- The respondent, Adamson, was a young Indigenous Australian who played football in Victoria, South Australia and Western Australia. He want to play football professionally.
- In 1973, he lived in the recruitment area assigned by the Western Australian National League to the West Perth Club (“the Club“). He registered as a player with the Club. He trained with the Club from 1973 and played successfully in its senior team. He was paid by the Club a fee for each match that he played but had no formal contract of employment. Adamson also played in the WA state team in the National Australian Rules competition conducted by the Australian National League.
- Adamson was made an offer to play with the Norwood Football Club in South Australia. He accepted and moved his to South Australia.
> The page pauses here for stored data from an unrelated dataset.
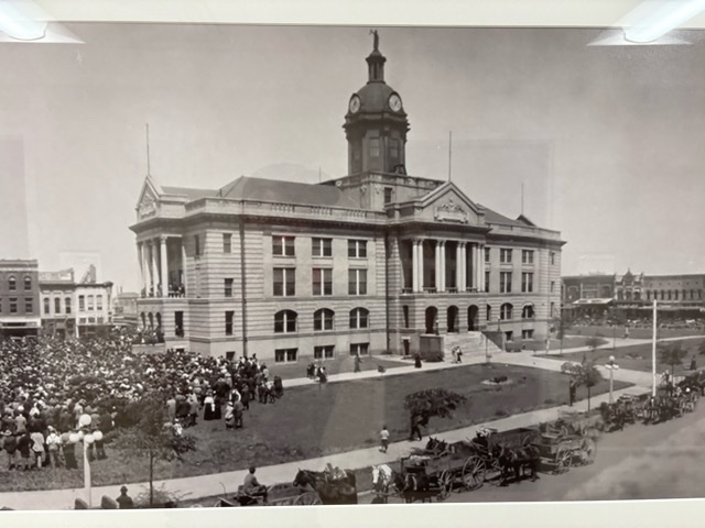 It’s supposed to be a modern design. I read a story about it one time saying that one of the judges or commissioners had a friend in the construction business and whatever went on resulted in the new courthouse. The first one was built in 1910, here is a picture of it being demolished in front of the new one in 1955.
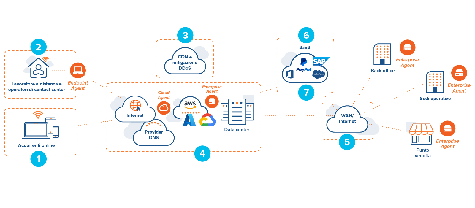 Monitora dall'interno la LAN, la WAN e lo stato di Internet per rilevare rapidamente le interruzioni e le anomalie del traffico dovute ai dirottamenti BGP o agli attacchi DDoS che possono compromettere le attività di vendita o di evasione degli ordini.
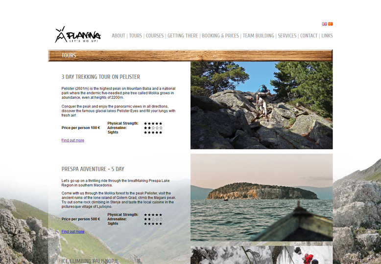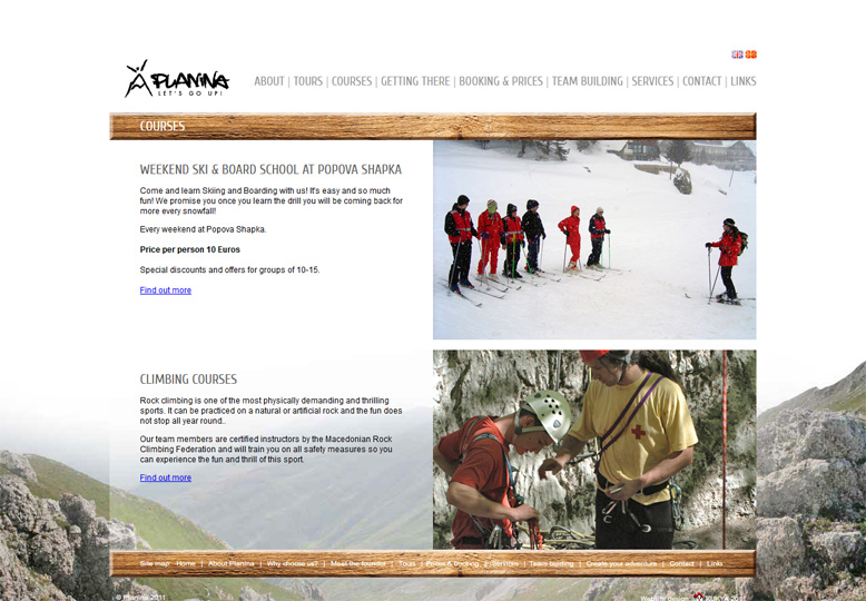The website was centered around the beautiful mountain landscapes, the adventurous spirit, safety and the professional experience of the team. The sections of the website were carefully organized: tours varied by season and level of difficulty, while giving information about the distinct qualities that each region offers (rock climbing, water sports, biking and hiking, etc.). Team building for companies, ski camps and other services were also offered as special services on the website.

But he could not play with any club playing Australian Rules other than the club with which he was registered unless he had the National League’s consent, expressed through a “clearance“.
- Norwood would be penalised in competition points in the competition conducted by the National League if the respondent played in one of its teams without a clearance. The clearance would be refused if the Club objected to its grant. On some occasions a clearance would be granted if the player paid the club to which the player was registered.
- Adamson was refused a clearance and could not play with Norwood. He applied to the Federal Court of Australia for orders against the State League and the Club which, if granted, would compel the grant of a clearance and allow the respondent to play at the Norwood Club. Adamson alleged that the State League and the Club in refusing the clearance were acting in breach of the provisions of the Trade Practices Act 1974-1977 (Cth) (“the Act“).
- The respondent’s claimed that the WA State League and the Club are trading corporations formed within Australia bound by the provisions of the Act and are in breach of the Act by refusing to provide the clearance.
- Were the Club and WA State Leagues trading corporations within the meaning of section 51(xx) of the Constitution?
- “Trading activities” are those that involve some form of buying and selling, and generate revenue, regardless of whether carried out at a profit.
- “Trading corporation” does not mean a corporation which trades exclusively or in which trading is the dominant activity. A trading corporation may also be a sporting, religious, or governmental body. As long as the trading is not insubstantial, the fact that trading is incidental to other activities does not prevent it being a trading corporation.
- Murphy J held that foreign corporations may include syndicates or joint ventures, entities which are common in Europe or other legal systems whose incorporation laws are based on principles different from those of Australia and the United Kingdom.
“Even though trading is not the major part of its activities, the description, “trading corporation” does not mean a corporation which trades and does nothing else or in which trading is the dominant activity. A trading corporation may also be a sporting, religious, or governmental body. As long as the trading is not insubstantial, the fact that trading is incidental to other activities does not prevent it being a trading corporation. For example, a very large corporation may engage in trading which though incidental to its non-trading activities, and small in relation to those, is nevertheless substantial and perhaps exceeds or is of the same order in amount as the trading of a person who clearly is a trader. Such a corporation is a trading corporation and is the subject of the legislative power in s. 51 (xx.). That power is subject to the Constitution and may be limited by other provisions, for example, s. 116 would protect a religious body which was a trading corporation from laws which would prohibit the free exercise of religion. The corporations power may be used not only to protect persons who trade with trading corporations, but also to protect trading corporations in regard to those who deal with them.”